Work task: Please, from the entries below, transcribe exactly the lines that begin at the line with "3. Your Internal" and end at the line with "The intent of", without the pictures.

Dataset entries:
+ + + + +

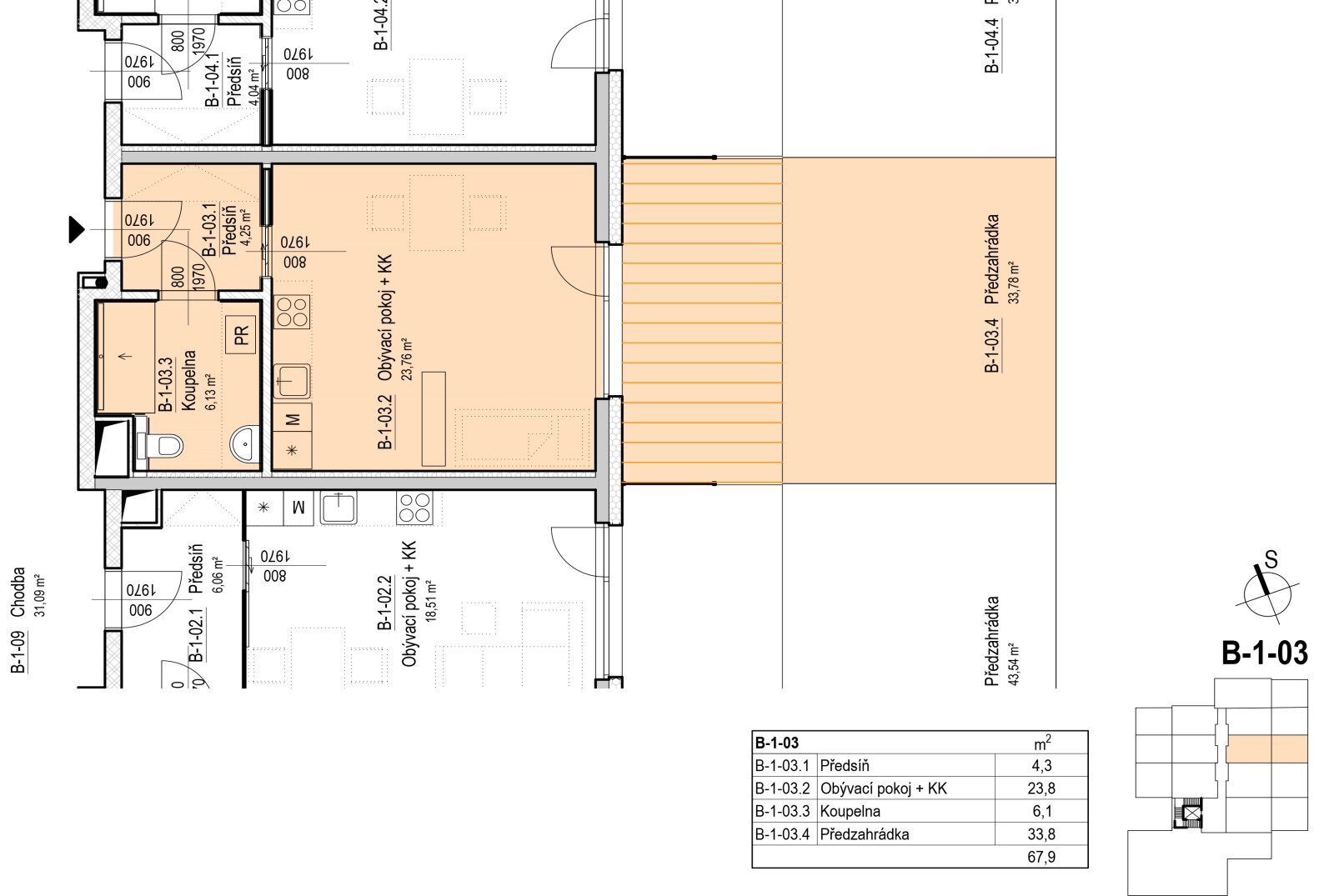 Byt 1+kk, 68,2 m2, 1. NP, budova B
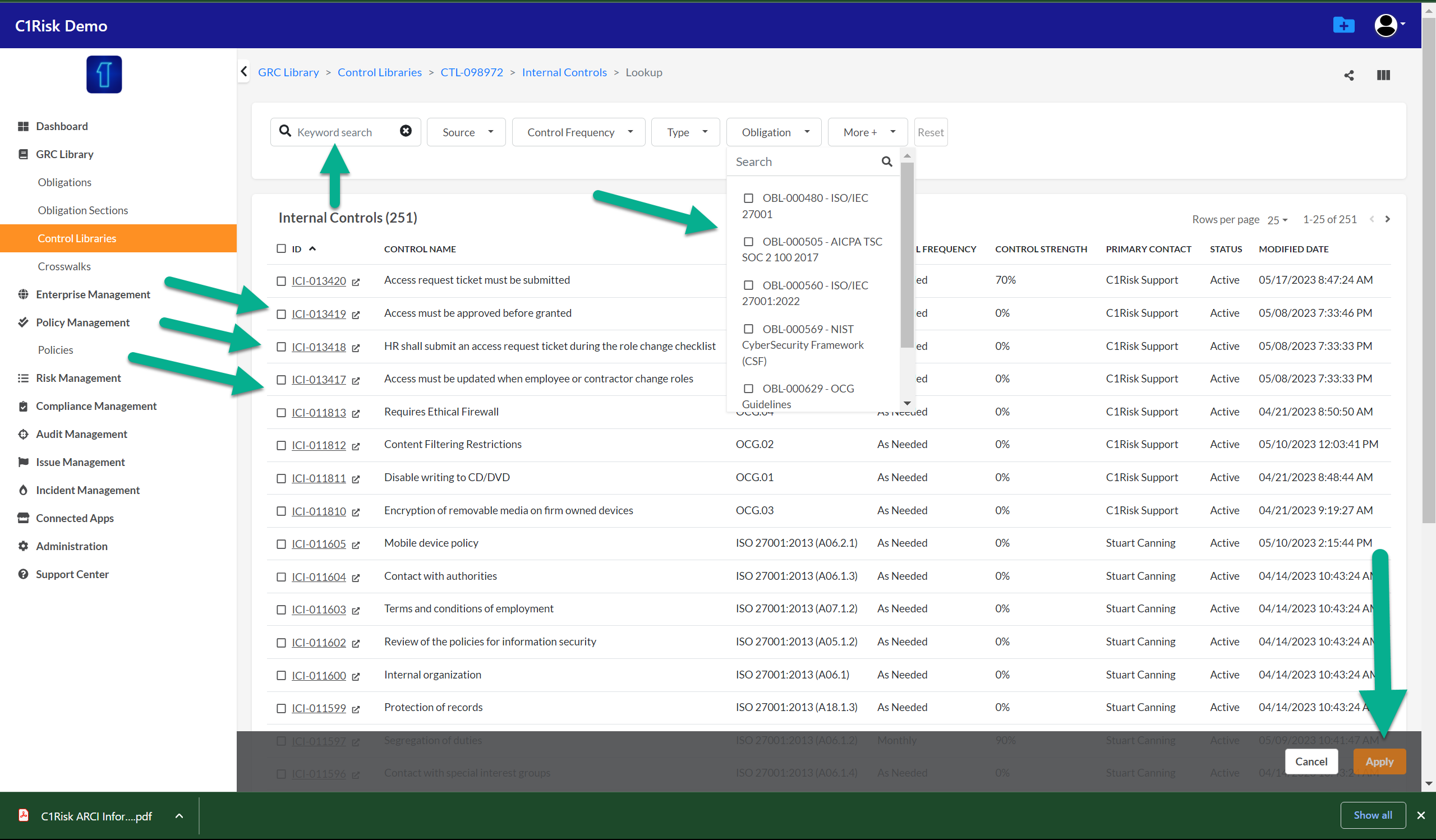 3. Your Internal Control Library will appear. Use the filters and keyword search to select the requirement(s) (obligation) and internal controls you wish to map.
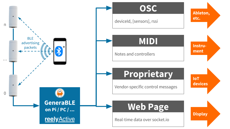 The intent of the GeneraBLE project is for all configuration to be completed through human-friendly web interfaces. The web interfaces currently supported include: Reel (BLE), Hue, MIDI and OSC.
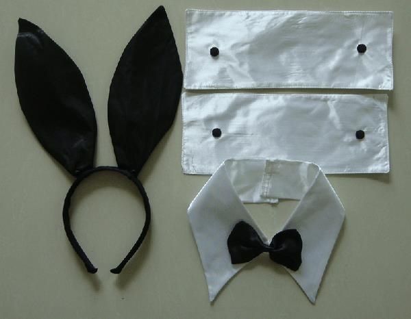Очень красивые черные ушки кролика из Playboy в комплекте с накладками на руки и бантом на шее.
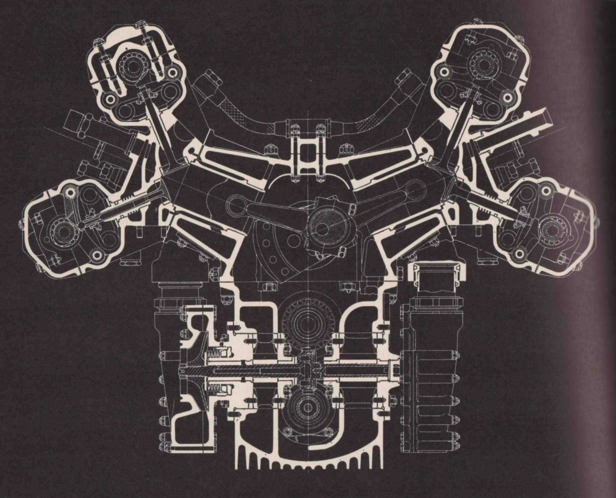 The wide-angle engine’s layout didn’t preclude complication. This and the following image from The Grand Prix Car.
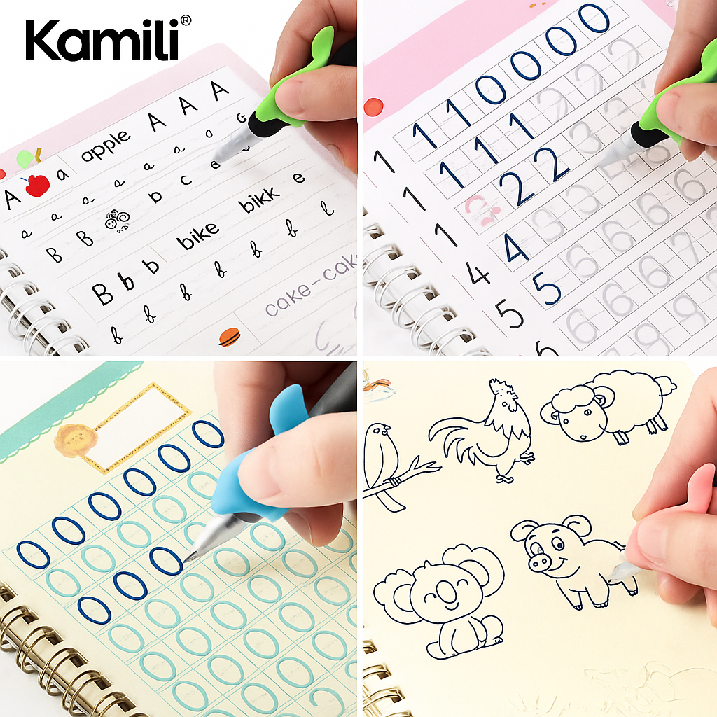 Magic Practice Copybook Set for Kids – 4 Books + Pen + Refills
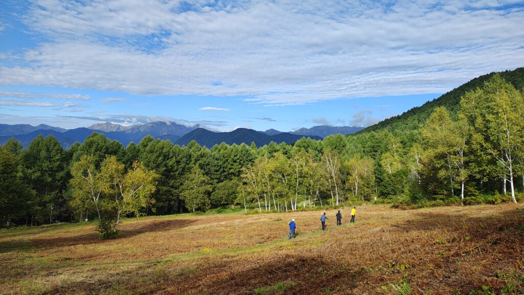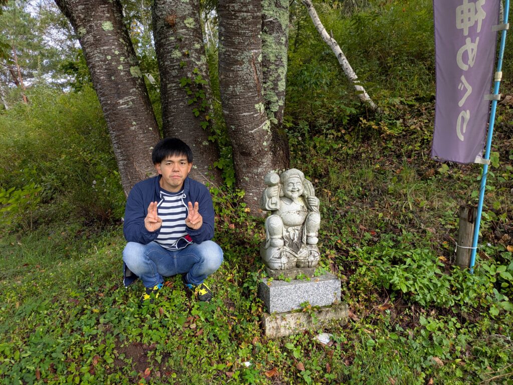 朝食を終えると、宝台樹キャンプ場内にある七福神巡り。35年ほど前、宝台樹スキー場の1コースとして設計されたものの、設計変更があったという曰くつき?の斜面を上り下りしながら「あっちかな。こっちかな。」と利用者さんの言葉とは裏腹に、こっちの方へ行った記憶があるなぁと、職員は昔の記憶に頼ります😅

+ + + + +

Solution to this problem:
 3. Your Internal Control Library will appear. Use the filters and keyword search to select the requirement(s) (obligation) and internal controls you wish to map.
 The intent of the GeneraBLE project is for all configuration to be completed through human-friendly web interfaces. The web interfaces currently supported include: Reel (BLE), Hue, MIDI and OSC.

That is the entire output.